2020’den beri hayatımızda pek çok şey değişti. Değişen şeyleri görme ve anlamlandırma sürecimiz de henüz devam ediyor. Bir yandan, bu değişimlerin bazı etkileri de kaçınılmaz.
Pandeminin ikinci senesini henüz geride bırakırken, neler olup bittiğine bakıp anlamlandırma çabası içinde olabiliriz. Pek çok duygu ve deneyimden geçmiş olduğumuzu fark edebiliriz. Herkesin deneyimi kendi içinde biricik olmakla beraber, uzmanlara göre bu deneyim ve duygulardan en göze çarpanı “languishing” yani baygın, gevşemiş ve ruhsuz hissetmek.

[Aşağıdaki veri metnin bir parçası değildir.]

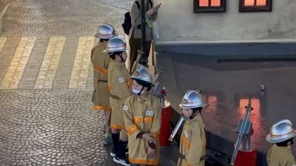 消防士の体験をしています。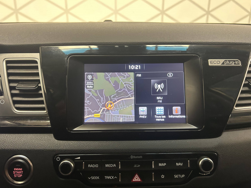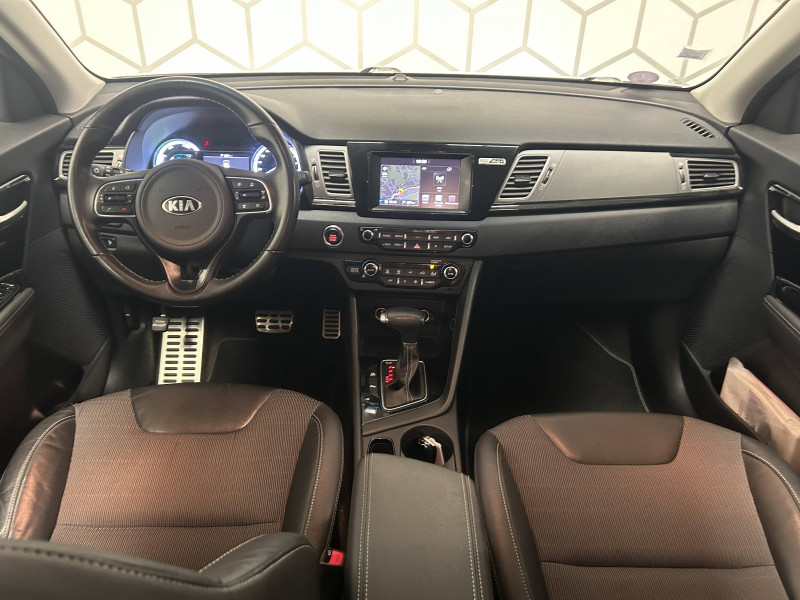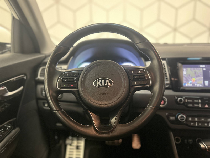 ABS avec répartiteur électronique de freinage (EBD) / Accoudoir central AR avec porte-gobelets intégrés / Accoudoir central AV avec compartiment de rangement et porte-gobelets / Alerte de vigilance du conducteur (DAA) / Allumage automatique des projecteurs en fonction de la luminosité / Assistance active au maintien de voie (LKAS) / Boucliers AV et AR couleur carrosserie / Caméra de recul avec lignes de guidage dynamiques / Compartiments de rangement sous le plancher de coffre / Compteur de tableau de bord central LCD TFT SuperVision 4.2" / Connectique de chargement USB à l'intérieur de l'accoudoir central AV / Crochets de fixation dans le coffre / Diffuseur d'air aux places AR / Direction à assistance électrique asservie à la vitesse / Inserts chrome soulignés de bleu anodisé / Jantes alliage 16" avec enjoliveurs aérodynamique / Kit de dépannage en cas de crevaison / Ouverture de la trappe à essence de l'intérieur du véhicule / Pare-soleil avec miroir de courtoisie illuminé (conducteur et passager) / Pédalier et repose-pieds finition aluminium / Poignées de portes extérieures avec inserts aspect chrome / Poignées de portes intérieures finition chrome / Prise 220V sur la console centrale / Purificateur d'air (ioniseur) / Rails de toit / Régulateur de couple et assistance au contre-braquage (VSM) / Rétroviseur intérieur anti-éblouissement (technologie électrochrome) / Rétroviseurs extérieurs avec embase noir laqué / Rétroviseurs extérieurs avec répétiteurs de clignotant LED / Rétroviseurs extérieurs couleur carrosserie / Seuils de portes finition aluminium badgés "Niro" / Surlignage des passages de roues en composite noir / Système de fixation ISOFIX sur sièges AR / Système de navigation avec écran couleur tactile 7", fonction ECO-DAS, cartographie Europe, mise à jour de la cartographie pendant 7 ans, services TomTom Live pendant 7 ans, compatibilité Androïd Auto et Apple Carplay / Témoin de niveau bas du liquide de lave-glace / Témoin de non-bouclage des ceintures AV et AR / Verrouillage automatique des portes asservi à la vitesse / Volant et pommeau de levier de vitesses gainés cuir

Aynı zamanda languishing tükenmişlik, keyif aldığımız şeylere karşı ilgisizlik ve sıkışıp kalmışlık olarak tanımlanabilir. Belki de tam zıttı ile tanımlamak da mümkün olabilir: “flourishing” yani “hayatla bağlantıda olmak, mutluluğu ve keyifliliği deneyimlemek, hayat amaçlarına sahip olmak ve onlara ulaşmayı istemek”. Uzmanlara göre, languishing depresyon deneyimleri ile benzerlik gösterse de depresyon değil. Daha ziyade, flourishing’i deneyimleyememek ve büyüme-gelişme hissedememek, aynı yerde kalmak algılarıyla paralel olduğuna dikkat çekiyor.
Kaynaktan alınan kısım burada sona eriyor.